Господин д ’Авринъи — слава французской медицинской науки.

Все, что было в силах человеческих, он сделал. Ни одной ошибки, ни одного неверного шага. Они присутствовали при необычайном зрелище и восхищены той длительной борьбой, какую человек вел с природой; границы науки раздвинуты\, однако больше ничего нельзя сделать, все средства науки исчерпаны. Если бы пациент не был поражен изначально смертельной болезнью, он бы излечил его. Но какое бы чудо он ни совершил, ясно, что через две недели пациент умрет.

Я увидел, как при этих словах г-н д ’Авриньи побледнел, ноги у него подкосились, и он, рыдая, упал в кресло.

"Но, сударь, — спросили у него доктора, — почему вы так заинтересованы в этом пациенте?

"Ах, господа! — воскликнул бедный отец дрожащим голосом. — Это моя дочь!"

Больше я не мог сдерживаться. Я вбежал в кабинет и бросился в объятия г-на д Авриньи.

Тогда эти ученые мужи всё поняли и молча удалились, кроме одного, подошедшего к г-ну д Авриньи. Это был приверженец методов, которые он и его сторонники кичливо ставили превыше всех других, врач, которого г-н д Авриньи считал своим противником и даже врагом.

"Сударь, — сказал он ему, — моя мать умирает, как и ваша дочь. Как вы сделали все, чтобы вылечить дочь, так и я старался найти средство для излечения матери. Еще сегодня утром, направляясь сюда, я был убежден, что больше ничего найти нельзя. Теперь надежда вернулась ко мне: я доверяю вам свою мать, сударь, вы ее спасете ".

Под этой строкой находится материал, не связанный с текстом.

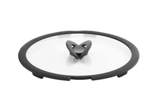 - Praktyczna szklana pokrywka z kompaktowym uchwytem składanym i odporną na zarysowania silikonową krawędzią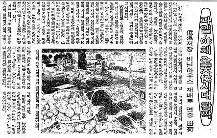 | 1987년도 7월 신문기사. 비닐에서 과일·야채가 전전후 시대 활짝 |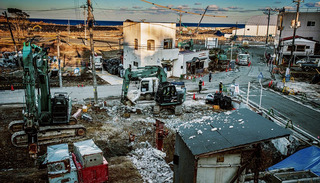 海啸损坏的建筑物仍然屹立在那里,被撞成易拉罐一样的汽车堆积着,被海啸淹没过的自动贩卖机竟然还能使用。背景的那些袋子里装满了放射性土壤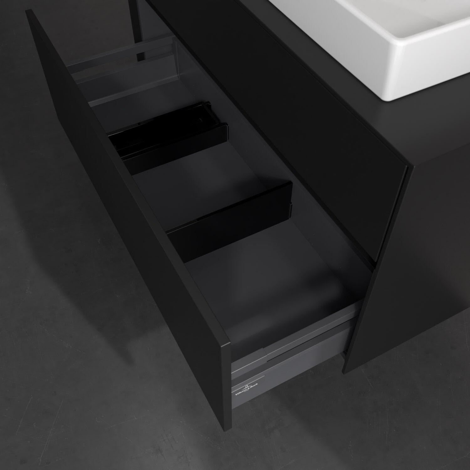 - kein Umfallen oder Verrutschen von Pflegeprodukten in den Schubladen dank rutschhemmendem Boden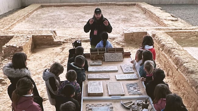 Se trata de actividades extraescolares para centros educativos de Educación Primaria, que incluyen la visita guiada a la villa romana del siglo IV, adaptada a la etapa curricular de los alumnos por el equipo de guías didácticos del yacimiento de la VRO, y un taller demostrativo de mosaico romano a cargo del mosaísta- restaurador de las villas romanas, Carlos Vela.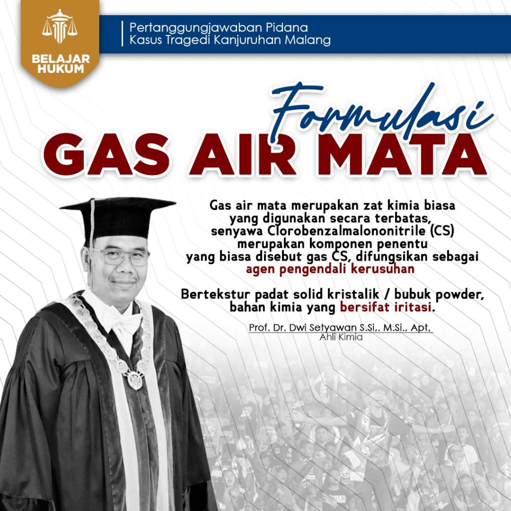 Prof. Dr. Dwi Setyawan, S.Si., M.Si., Apt selaku ahli kimia mengatakan formulasi gas air mata merupakan zat kimia biasa yang digunakan secara terbatas.

Господин д Авриньи вздохнул и протянул ему руку.

Затем мы вошли в комнату Мадлен; больная с улыбкой приняла нас, не подозревая, что для нас она была уже мертва".

XXVIII

Амори — Антуанетте

"Позапрошлую ночь у постели Мадлен дежурил г-н д Авриньи. Но и я, лежа в своей комнате, не сомкнул глаз.

За последние пять недель, кажется, я спал не более двух суток. Вскоре, к счастью, мне предстоит долгий-долгий отдых…

Уверяю вас, тот, кто видел меня два месяца назад подвижным, веселым, полным надежды, не узнал бы сейчас мое бледное лицо и покрытый морщинами лоб. Я сам чувствую себя разбитым и постаревшим, за сорок дней я прожил сорок лет.

Сегодня утром, так и не сумев заснуть, около семи часов я спустился вниз и встретил г-на д \Авриньи, выходившего из комнаты дочери. Он едва заметил меня. Казалось, им владела только одна мысль. За полтора месяца он не написал ни строчки в дневнике, где неизменно отражал события прожитых дней.